----- Record set -----
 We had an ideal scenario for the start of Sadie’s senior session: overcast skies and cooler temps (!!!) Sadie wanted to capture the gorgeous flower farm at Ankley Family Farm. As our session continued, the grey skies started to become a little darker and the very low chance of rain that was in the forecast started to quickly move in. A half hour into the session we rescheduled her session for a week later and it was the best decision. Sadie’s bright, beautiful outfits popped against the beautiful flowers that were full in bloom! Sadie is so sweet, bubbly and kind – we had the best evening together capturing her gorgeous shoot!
-----
----- Record set -----
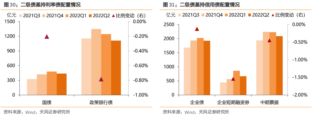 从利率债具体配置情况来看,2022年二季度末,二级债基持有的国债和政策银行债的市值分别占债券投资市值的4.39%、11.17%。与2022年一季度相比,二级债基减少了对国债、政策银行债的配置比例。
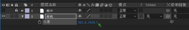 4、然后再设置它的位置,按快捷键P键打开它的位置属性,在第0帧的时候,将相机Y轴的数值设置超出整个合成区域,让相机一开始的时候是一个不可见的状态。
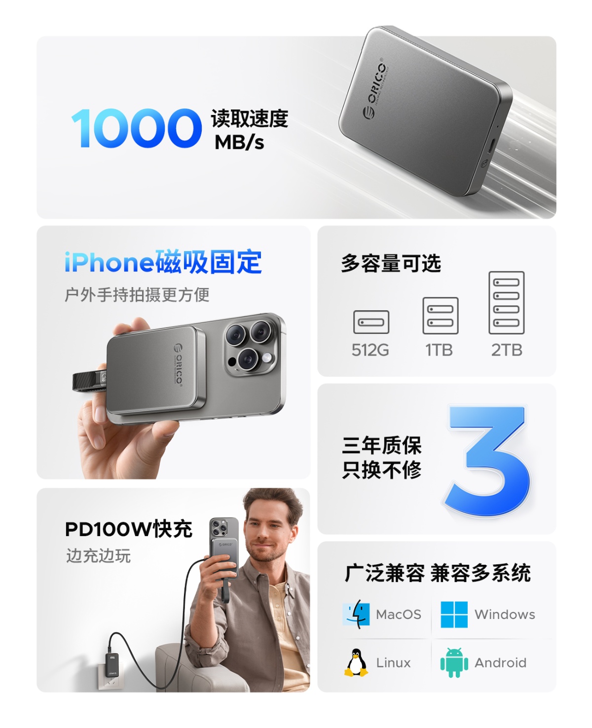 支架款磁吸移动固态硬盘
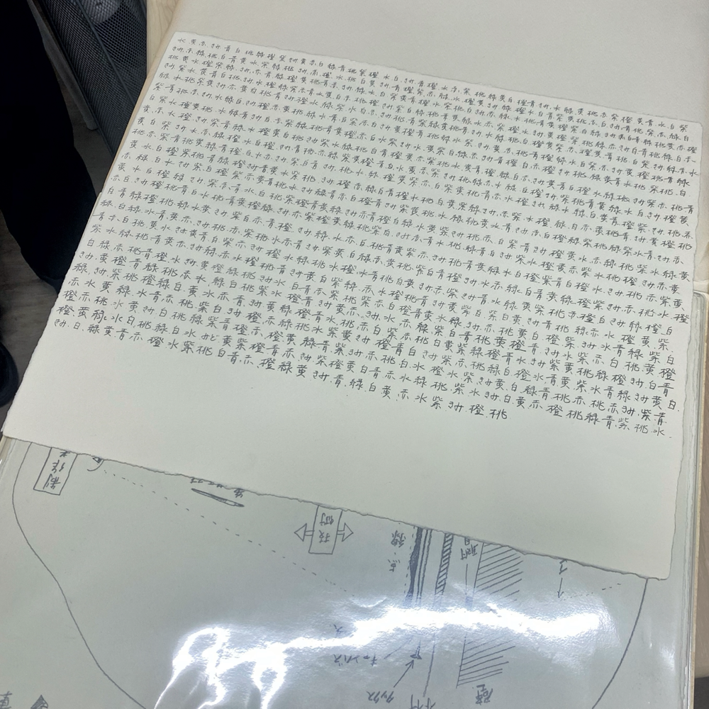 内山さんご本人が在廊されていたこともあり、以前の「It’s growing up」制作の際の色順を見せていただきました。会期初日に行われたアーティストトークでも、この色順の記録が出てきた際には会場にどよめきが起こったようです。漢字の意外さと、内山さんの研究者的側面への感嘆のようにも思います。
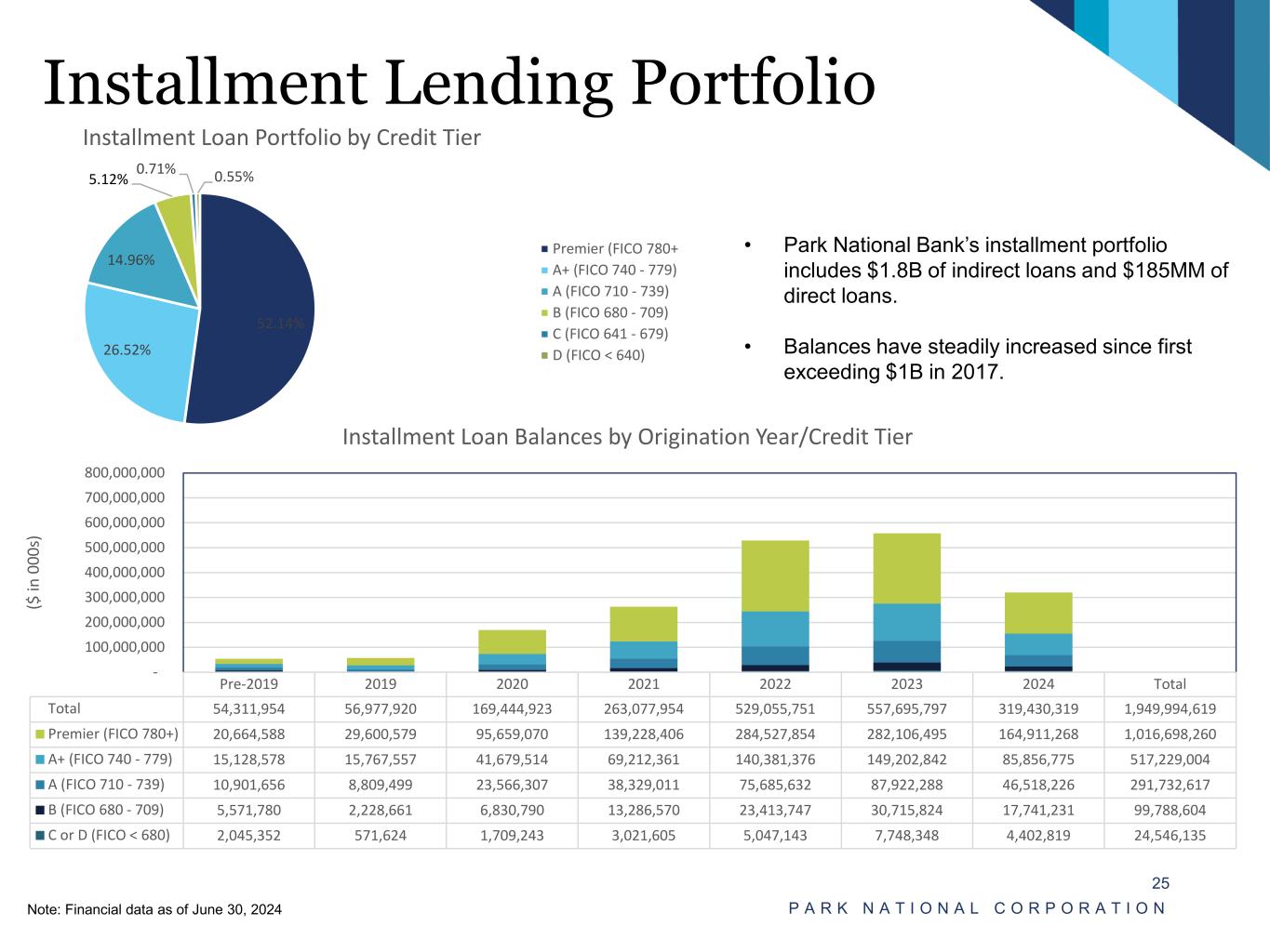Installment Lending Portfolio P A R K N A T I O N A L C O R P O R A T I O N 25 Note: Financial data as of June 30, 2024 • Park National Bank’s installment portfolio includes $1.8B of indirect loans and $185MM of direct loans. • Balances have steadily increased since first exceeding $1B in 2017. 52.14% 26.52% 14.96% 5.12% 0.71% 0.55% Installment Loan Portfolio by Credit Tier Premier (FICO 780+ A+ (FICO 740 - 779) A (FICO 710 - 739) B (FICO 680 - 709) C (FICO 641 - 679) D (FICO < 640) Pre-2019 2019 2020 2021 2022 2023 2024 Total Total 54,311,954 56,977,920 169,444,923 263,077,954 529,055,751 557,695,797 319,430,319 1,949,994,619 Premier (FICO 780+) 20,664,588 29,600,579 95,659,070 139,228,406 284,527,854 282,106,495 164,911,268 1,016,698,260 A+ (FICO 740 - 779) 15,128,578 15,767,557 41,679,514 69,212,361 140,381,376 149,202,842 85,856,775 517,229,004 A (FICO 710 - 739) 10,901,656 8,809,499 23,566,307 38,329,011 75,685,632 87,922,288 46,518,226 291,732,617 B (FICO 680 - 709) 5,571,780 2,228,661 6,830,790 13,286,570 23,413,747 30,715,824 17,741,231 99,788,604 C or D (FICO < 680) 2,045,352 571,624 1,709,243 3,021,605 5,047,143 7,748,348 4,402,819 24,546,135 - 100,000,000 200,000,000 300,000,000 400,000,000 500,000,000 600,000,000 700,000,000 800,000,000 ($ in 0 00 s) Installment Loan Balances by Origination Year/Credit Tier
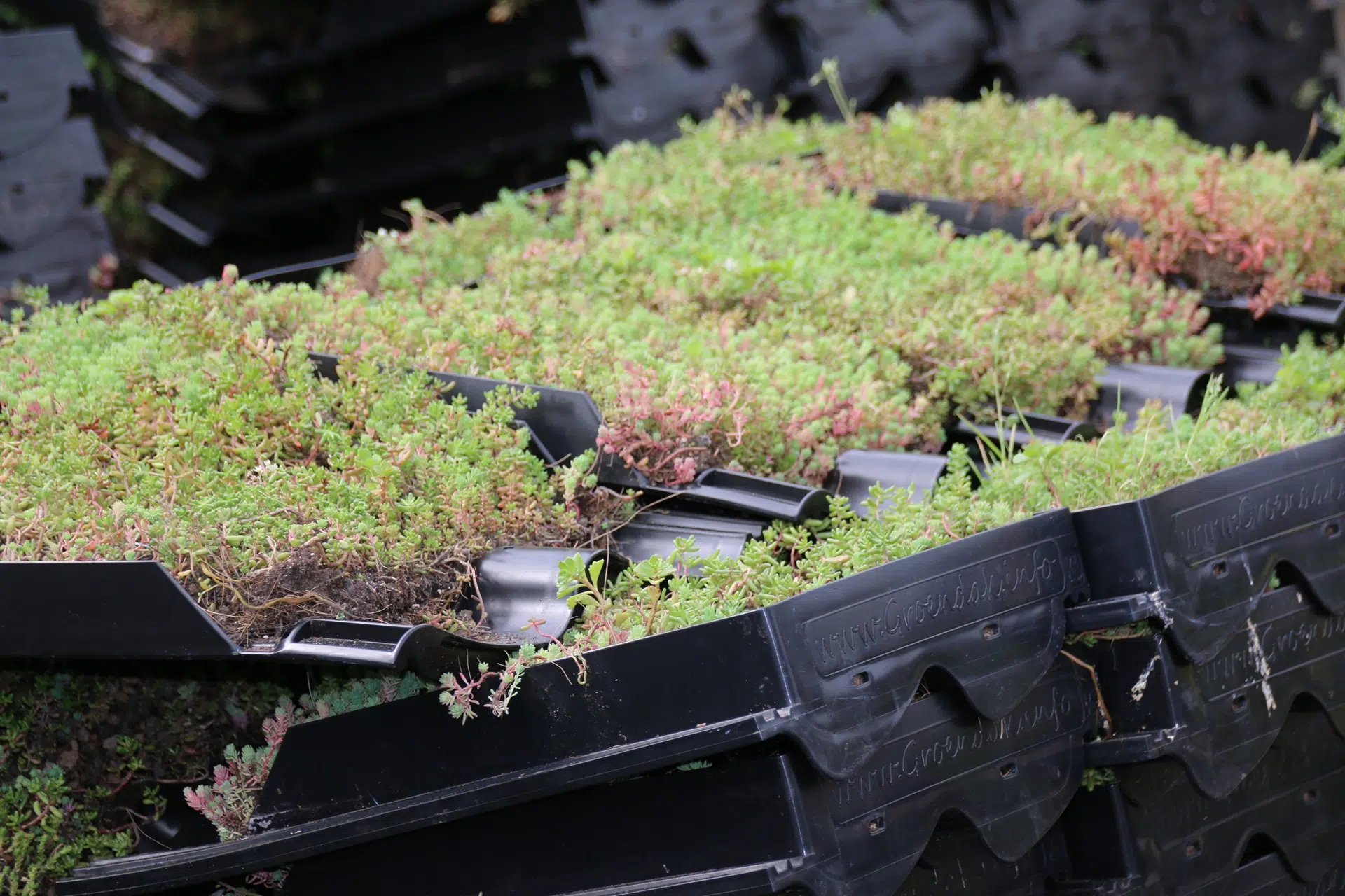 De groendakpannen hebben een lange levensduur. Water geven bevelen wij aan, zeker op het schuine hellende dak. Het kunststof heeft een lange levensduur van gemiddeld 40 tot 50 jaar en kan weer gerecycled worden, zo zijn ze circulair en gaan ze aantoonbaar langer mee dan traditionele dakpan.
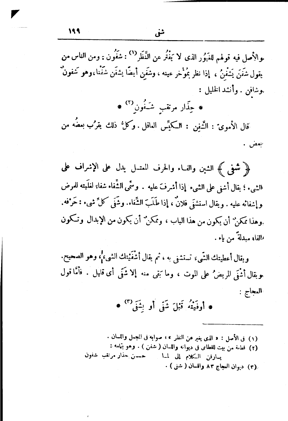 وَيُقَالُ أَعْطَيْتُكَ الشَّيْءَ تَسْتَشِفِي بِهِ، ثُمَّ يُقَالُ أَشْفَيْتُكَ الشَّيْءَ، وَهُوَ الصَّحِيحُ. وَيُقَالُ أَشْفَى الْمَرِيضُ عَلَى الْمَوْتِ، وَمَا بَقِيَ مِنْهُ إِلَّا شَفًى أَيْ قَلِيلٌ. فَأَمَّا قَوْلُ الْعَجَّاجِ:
-----
----- Record set -----
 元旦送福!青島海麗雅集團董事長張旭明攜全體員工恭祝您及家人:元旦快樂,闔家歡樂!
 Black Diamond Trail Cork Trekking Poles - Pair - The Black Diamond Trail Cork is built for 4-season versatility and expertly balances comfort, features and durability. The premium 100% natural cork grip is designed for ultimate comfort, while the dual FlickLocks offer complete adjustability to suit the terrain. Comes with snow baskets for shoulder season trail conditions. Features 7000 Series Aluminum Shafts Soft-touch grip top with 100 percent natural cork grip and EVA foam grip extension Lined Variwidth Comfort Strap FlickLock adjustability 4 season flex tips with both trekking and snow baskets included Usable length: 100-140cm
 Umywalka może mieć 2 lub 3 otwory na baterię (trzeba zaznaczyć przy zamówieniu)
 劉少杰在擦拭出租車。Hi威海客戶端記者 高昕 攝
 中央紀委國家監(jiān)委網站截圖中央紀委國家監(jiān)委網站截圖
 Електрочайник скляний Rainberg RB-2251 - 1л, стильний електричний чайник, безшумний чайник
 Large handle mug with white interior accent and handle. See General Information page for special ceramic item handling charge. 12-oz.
-----
Aim of the exercise. The lines to return are those in the entries above that hold "with".

Written answer.
 Black Diamond Trail Cork Trekking Poles - Pair - The Black Diamond Trail Cork is built for 4-season versatility and expertly balances comfort, features and durability. The premium 100% natural cork grip is designed for ultimate comfort, while the dual FlickLocks offer complete adjustability to suit the terrain. Comes with snow baskets for shoulder season trail conditions. Features 7000 Series Aluminum Shafts Soft-touch grip top with 100 percent natural cork grip and EVA foam grip extension Lined Variwidth Comfort Strap FlickLock adjustability 4 season flex tips with both trekking and snow baskets included Usable length: 100-140cm
 Large handle mug with white interior accent and handle. See General Information page for special ceramic item handling charge. 12-oz.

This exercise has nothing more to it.